How do you measure the "ideal solution" - triangleness? Here is a naive and easy scorer: For every point, you know whether it should be 1 or 0. Add +1 to the score if the matrix is right, -1 if it's wrong. Here's some code so I can be explicit (not tested! please review!)
int Score(Matrix m) {
var score = 0;
for (var r = 0; r < m.NumRows; r++) {
for (var c = 0; c < m.NumCols; c++) {
var val = m.At(r, c);
var shouldBe = (c >= r) ? 1 : 0;
if (val == shouldBe) {
score++;
}
else {
score--;
}
}
}
return score;
}
With this scoring algorithm, a random field of 1s and 0s will give a score of 0. An "opposite" triangle will give the most negative score, and the correct solution will give the most positive score. Diffing two scores will give you the cost.
If this scorer doesn't work for you, then you will need to "tune" it until it produces the matrices you want.
This algorithm is based on the premise that tuning this scorer is much simpler than devising the optimal algorithm for sorting the matrix.
I came up with the below algorithm, and it seems to work correctly.
Phase 1: move rows with most 1s up and columns with most 1s right.
First the rows. Sort the rows by counting their 1s. We don't care
if 2 rows have the same number of 1s.
Now the columns. Sort the cols by
counting their 1s. We don't care
if 2 cols have the same number of
1s.
Phase 2: repeat phase 1 but with extra criterions, so that we satisfy the triangular matrix morph.
Criterion for rows: if 2 rows have the same number of 1s, we move up the row that begin with fewer 0s.
Criterion for cols: if 2 cols have the same number of 1s, we move right the col that has fewer 0s at the bottom.
Example:
Phase 1
1 2 3 4 1 2 3 4 4 1 3 2
A 0 1 1 0 B 1 1 1 0 B 0 1 1 1
B 1 1 1 0 - sort rows-> A 0 1 1 0 - sort cols-> A 0 0 1 1
C 0 1 0 0 D 1 1 0 0 D 0 1 0 1
D 1 1 0 0 C 0 1 0 0 C 0 0 0 1
Phase 2
4 1 3 2 4 1 3 2
B 0 1 1 1 B 0 1 1 1
A 0 0 1 1 - sort rows-> D 0 1 0 1 - sort cols-> "completed"
D 0 1 0 1 A 0 0 1 1
C 0 0 0 1 C 0 0 0 1
Edit: it turns out that my algorithm doesn't give proper triangular matrices always.
For example:
Phase 1
1 2 3 4 1 2 3 4
A 1 0 0 0 B 0 1 1 1
B 0 1 1 1 - sort rows-> C 0 0 1 1 - sort cols-> "completed"
C 0 0 1 1 A 1 0 0 0
D 0 0 0 1 D 0 0 0 1
Phase 2
1 2 3 4 1 2 3 4 2 1 3 4
B 0 1 1 1 B 0 1 1 1 B 1 0 1 1
C 0 0 1 1 - sort rows-> C 0 0 1 1 - sort cols-> C 0 0 1 1
A 1 0 0 0 A 1 0 0 0 A 0 1 0 0
D 0 0 0 1 D 0 0 0 1 D 0 0 0 1
(no change)
(*) Perhaps a phase 3 will increase the good results. In that phase we place the rows that start with fewer 0s in the top.
Look for a 1987 paper by Anna Lubiw on "Doubly Lexical Orderings of Matrices".
There is a citation below. The ordering is not identical to what you are looking for, but is pretty close. If nothing else, you should be able to get a pretty good idea from there.
http://dl.acm.org/citation.cfm?id=33385
Here's a starting point:
Convert each row from binary bits into a number
Sort the numbers in descending order.
Then convert each row back to binary.
Basic algorithm:
Determine the row sums and store
values. Determine the column sums
and store values.
Sort the row sums in ascending order. Sort the column
sums in ascending order.
Hopefully, you should have a matrix with as close to an upper-right triangular region as possible.

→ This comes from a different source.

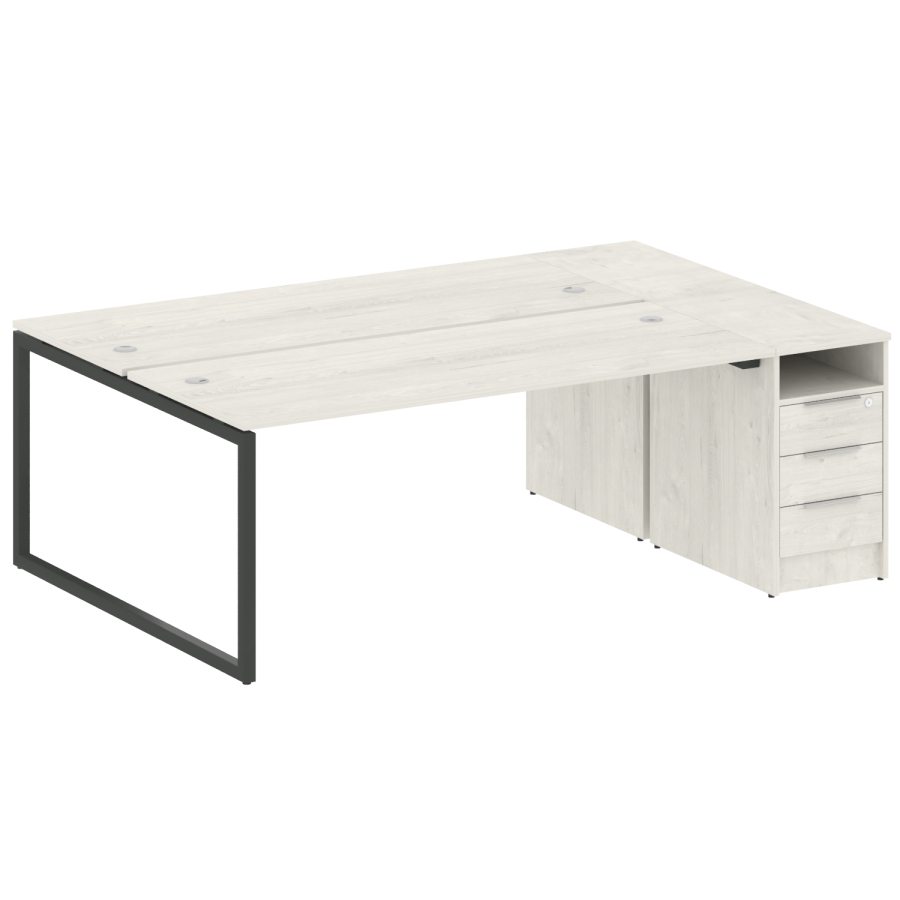 Столешницы имеют отверстия с пластиковыми заглушками кабель-канала серого цвета.

Treat rows as binary numbers, with the leftmost column as the most significant bit, and sort them in descending order, top to bottom
Treat the columns as binary numbers with the bottommost row as the most significant bit and sort them in ascending order, left to right.
Repeat until you reach a fixed point. Proof that the algorithm terminates left as an excercise for the reader.